__Provided records__.

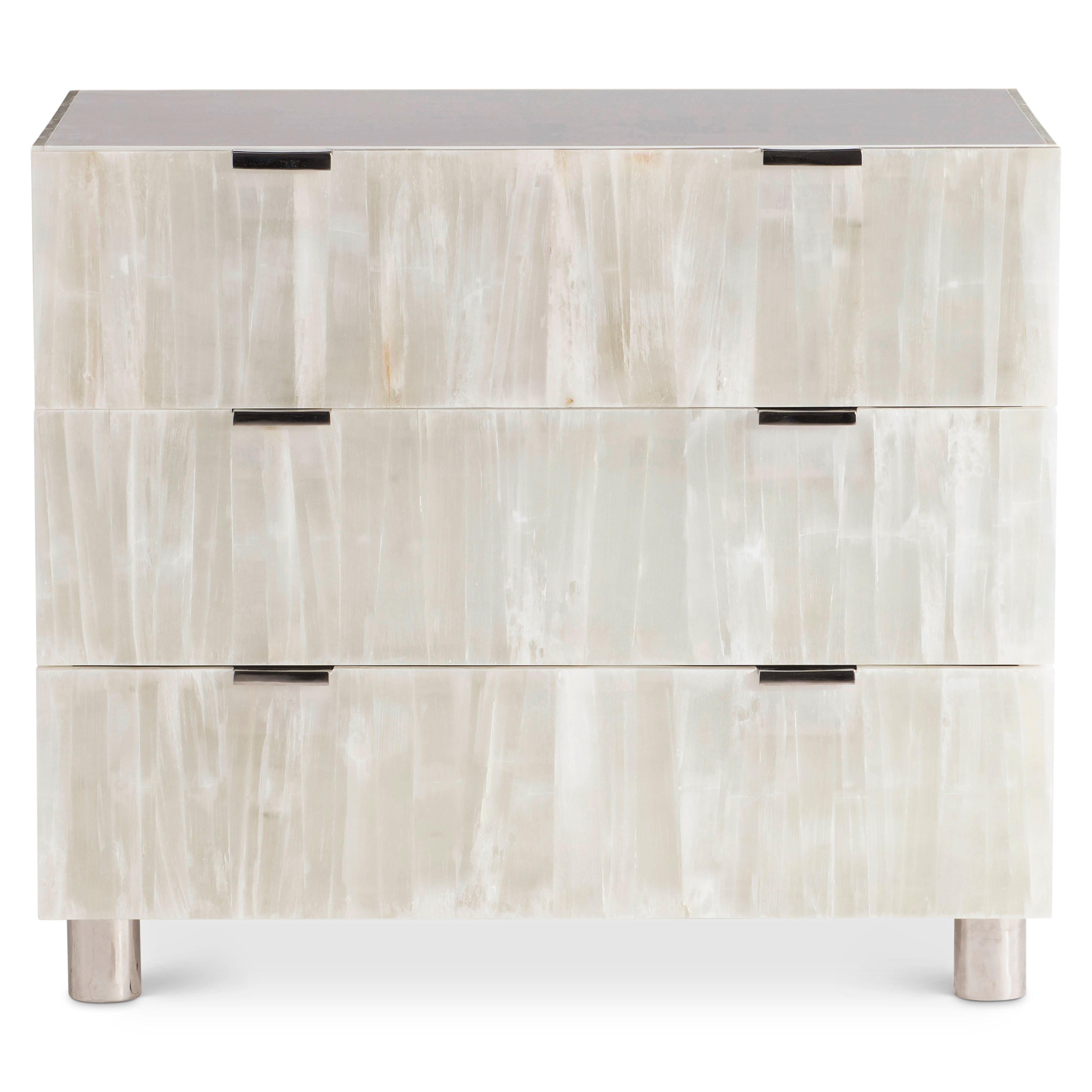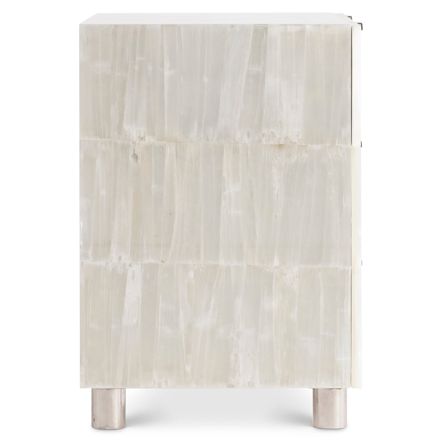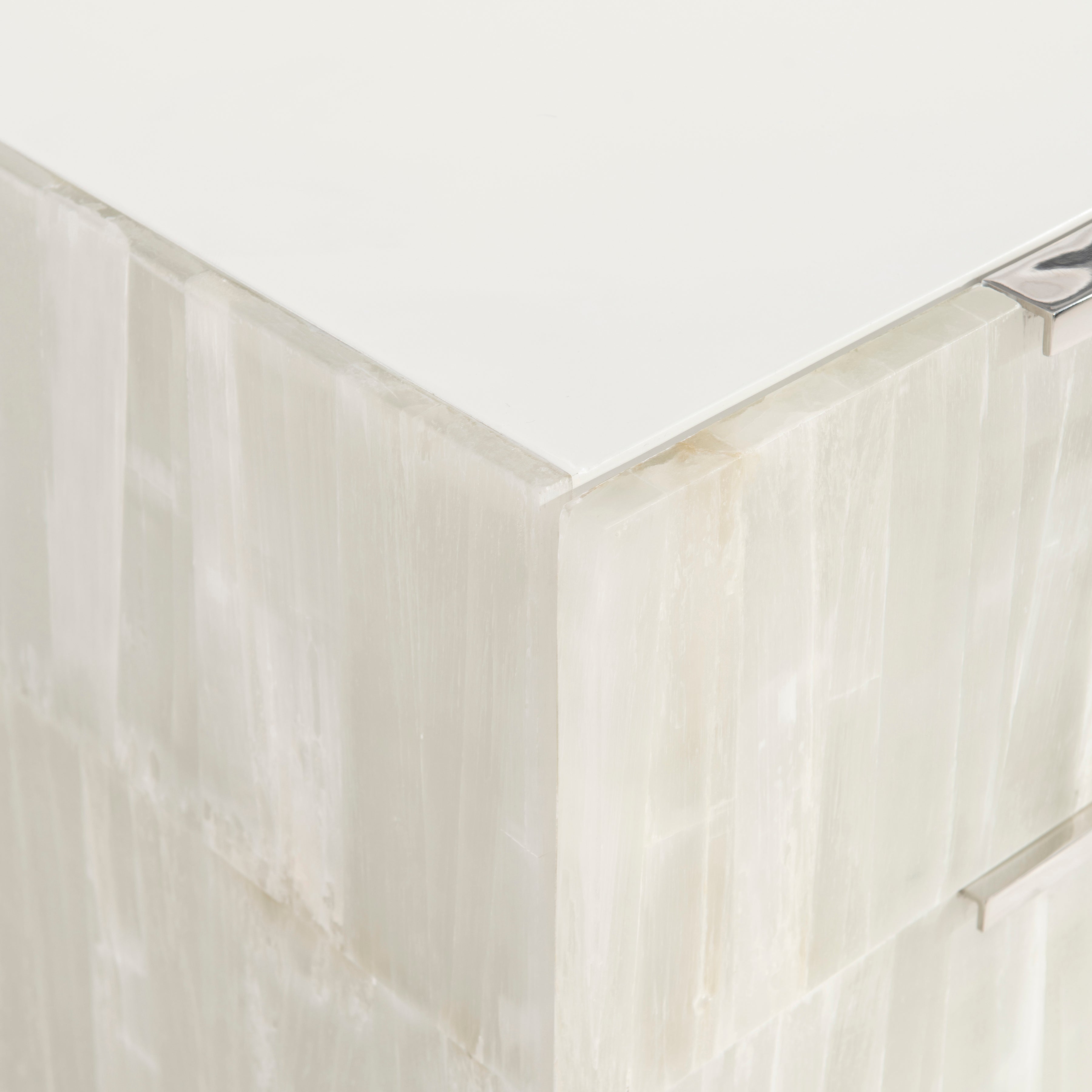 Selenite crystals wrap the Salka nightstand, adding a soft glow of shape and style. The top and interior are finished with white lacquer, while the drawers are accented with polished stainless steel hardware. The back features an A+C USB charging system.
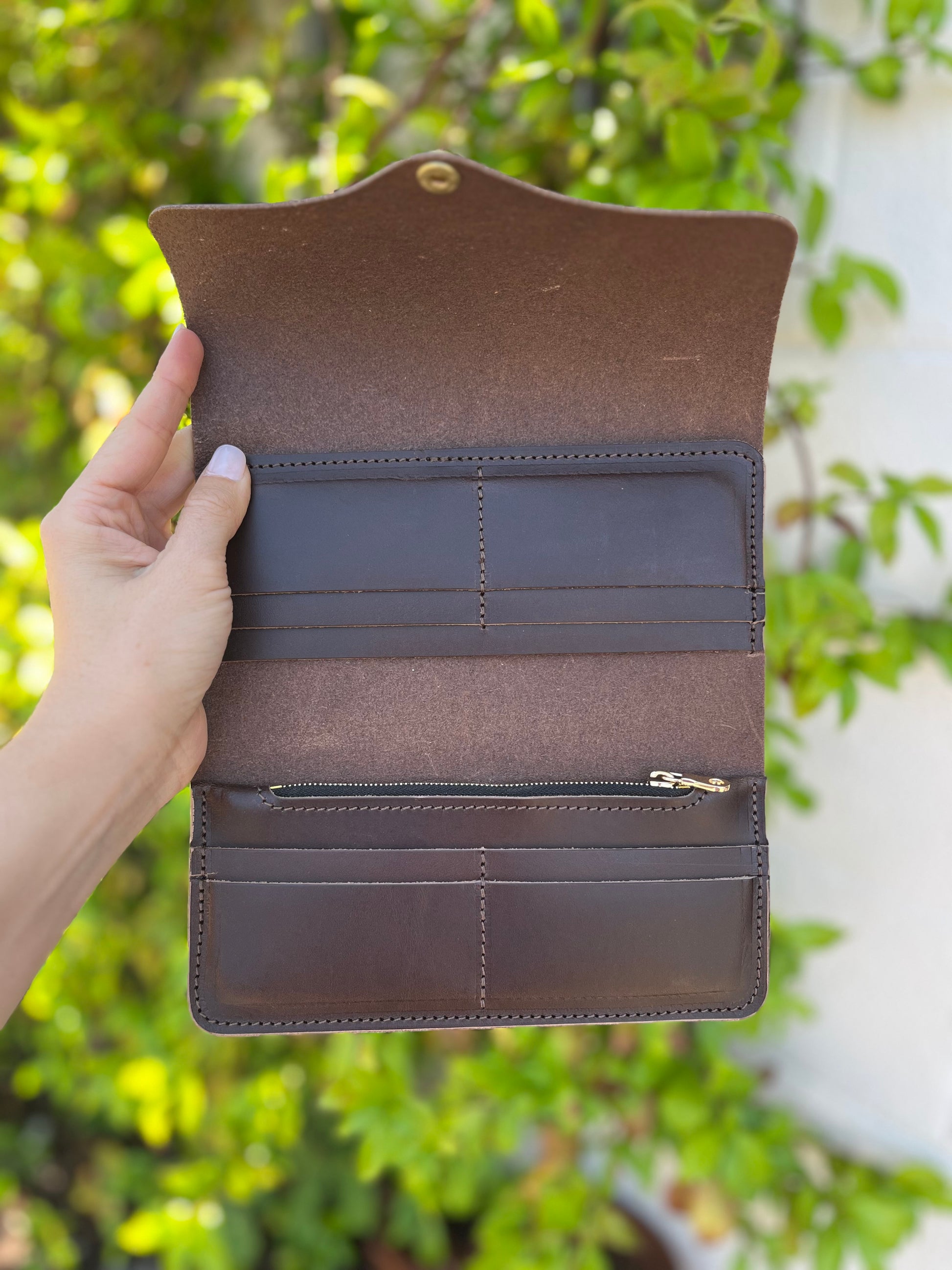 The Clutch wallet really can carry it all. From your credit cards to that one gift card you refuse to get rid of because there's still $3 left on it, its 16 pockets will house them all. Still paying the old fashion way? we even made a place for your cash and coins! This timeless design made in our veg-tanned leather will age with you for years to come.
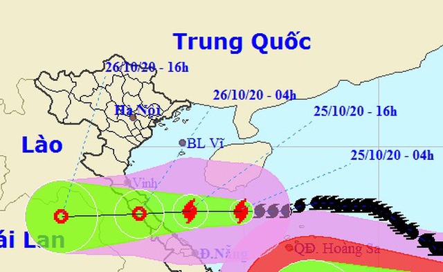 Theo Trung tâm Dự báo khí tượng thủy văn Quốc gia, hồi 4h ngày (25/10), vị trí tâm bão ở khoảng 17,6 độ Vĩ Bắc; 109,9 độ Kinh Đông, cách đất liền các tỉnh từ Hà Tĩnh đến Quảng Trị khoảng 330km về phía Đông. Sức gió mạnh nhất vùng gần tâm bão mạnh cấp 9 (75-90km/giờ), giật cấp 11. Bán kính gió mạnh từ cấp 6, giật từ cấp 8 trở lên khoảng 150km tính từ tâm bão.
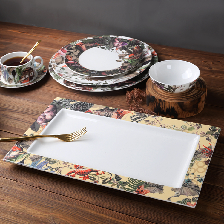 Indulge your guests in the epitome of luxury dining with our exquisite bone china dinnerware adorned with intricate decals,
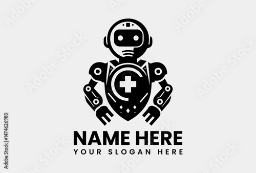 Monochrome Robot Illustration Vector Logo Minimalist Tech Art
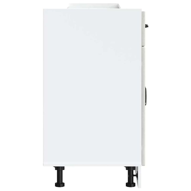 Този кухненски шкаф оптимизира пространството в кухнята ви, като осигурява достатъчно място за съхранение на личните ви вещи! Стабилен и издръжлив материал: Инженерната дървесина е издръжлив и стабилен материал с гладка повърхност, която е устойчива на влага, изкривяване и разцепване, което я прави надежден избор за различни проекти.Голямо пространство за съхранение: Шкафът за мивка предлага достатъчно място за съхранение на чинии, чинии, тенджери и други кухненски уреди.Практични врати: Вратата помага за поддържането на чисто и организирано пространство, като скрива кухненските уреди и разхвърляните вещи зад тях.Регулируеми крачета: Крачетата на този шкаф могат да се регулират по височина, за да отговарят на разположението на кухнята ви.Лесна поддръжка: Благодарение на гладката си повърхност този кухненски шкаф се почиства лесно с влажна кърпа и изисква по-малко поддръжка. Внимание:За да предотвратите преобръщане, този продукт трябва да се използва с предоставеното устройство за закрепване на стена. Добре е да се знае:Винт(ове) и щепсел(и) за вътрешността на стената не са включени. Търсете и използвайте винт(ове) и дюбел(и), подходящи за вашите стени. Ако не сте сигурни, потърсете професионална помощ. Прочетете и следвайте внимателно всяка стъпка от инструкциите.
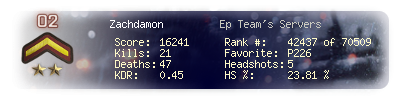 | Kill-streak | 4 | Death-streak | 15 | Team Kills | 0 |
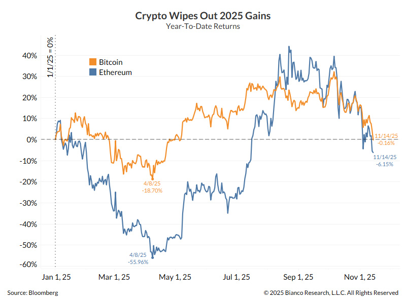 Krypto vernichtet die Kursgewinne des Jahres 2025, vom 15. November 2025. Quelle: Bianco Research
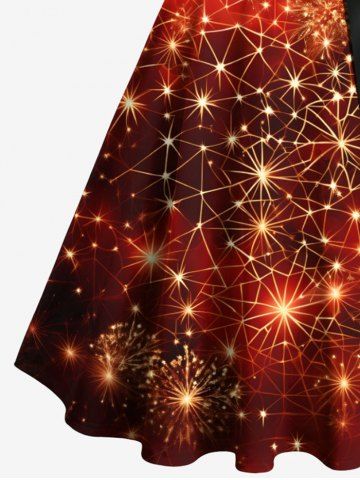 Robes > Robe grande taille à col rabattu et ceinture, motif feu d'artifice de Noël, toile d'araignée scintillante, imprimé 3D
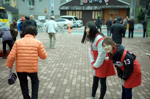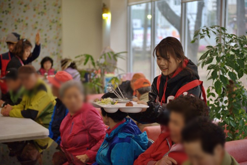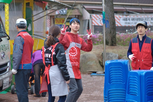 벚꽃도 우수수 떨어지고, 바람이 차가웠습니다. 야외배식으로 진행되는 김해팀은 오늘 실내배식으로 변경됐습니다. 어르신들이 건강하게 드실 수 있도록 실내에 테이블과 의자를 펴고 배식을 준비했습니다. 식사하러 오시는 어르신 한 분, 한 분께 인사를 드리며 봉사단의 마음을 전했습니다.

__Task item__.
If an entry above contains a picture, leave that picture out and copy everything else exactly.

__Completed task__.
 Selenite crystals wrap the Salka nightstand, adding a soft glow of shape and style. The top and interior are finished with white lacquer, while the drawers are accented with polished stainless steel hardware. The back features an A+C USB charging system.
 The Clutch wallet really can carry it all. From your credit cards to that one gift card you refuse to get rid of because there's still $3 left on it, its 16 pockets will house them all. Still paying the old fashion way? we even made a place for your cash and coins! This timeless design made in our veg-tanned leather will age with you for years to come.
 Theo Trung tâm Dự báo khí tượng thủy văn Quốc gia, hồi 4h ngày (25/10), vị trí tâm bão ở khoảng 17,6 độ Vĩ Bắc; 109,9 độ Kinh Đông, cách đất liền các tỉnh từ Hà Tĩnh đến Quảng Trị khoảng 330km về phía Đông. Sức gió mạnh nhất vùng gần tâm bão mạnh cấp 9 (75-90km/giờ), giật cấp 11. Bán kính gió mạnh từ cấp 6, giật từ cấp 8 trở lên khoảng 150km tính từ tâm bão.
 Indulge your guests in the epitome of luxury dining with our exquisite bone china dinnerware adorned with intricate decals,
 Monochrome Robot Illustration Vector Logo Minimalist Tech Art
 Този кухненски шкаф оптимизира пространството в кухнята ви, като осигурява достатъчно място за съхранение на личните ви вещи! Стабилен и издръжлив материал: Инженерната дървесина е издръжлив и стабилен материал с гладка повърхност, която е устойчива на влага, изкривяване и разцепване, което я прави надежден избор за различни проекти.Голямо пространство за съхранение: Шкафът за мивка предлага достатъчно място за съхранение на чинии, чинии, тенджери и други кухненски уреди.Практични врати: Вратата помага за поддържането на чисто и организирано пространство, като скрива кухненските уреди и разхвърляните вещи зад тях.Регулируеми крачета: Крачетата на този шкаф могат да се регулират по височина, за да отговарят на разположението на кухнята ви.Лесна поддръжка: Благодарение на гладката си повърхност този кухненски шкаф се почиства лесно с влажна кърпа и изисква по-малко поддръжка. Внимание:За да предотвратите преобръщане, този продукт трябва да се използва с предоставеното устройство за закрепване на стена. Добре е да се знае:Винт(ове) и щепсел(и) за вътрешността на стената не са включени. Търсете и използвайте винт(ове) и дюбел(и), подходящи за вашите стени. Ако не сте сигурни, потърсете професионална помощ. Прочетете и следвайте внимателно всяка стъпка от инструкциите.
 | Kill-streak | 4 | Death-streak | 15 | Team Kills | 0 |
 Krypto vernichtet die Kursgewinne des Jahres 2025, vom 15. November 2025. Quelle: Bianco Research
 Robes > Robe grande taille à col rabattu et ceinture, motif feu d'artifice de Noël, toile d'araignée scintillante, imprimé 3D
 벚꽃도 우수수 떨어지고, 바람이 차가웠습니다. 야외배식으로 진행되는 김해팀은 오늘 실내배식으로 변경됐습니다. 어르신들이 건강하게 드실 수 있도록 실내에 테이블과 의자를 펴고 배식을 준비했습니다. 식사하러 오시는 어르신 한 분, 한 분께 인사를 드리며 봉사단의 마음을 전했습니다.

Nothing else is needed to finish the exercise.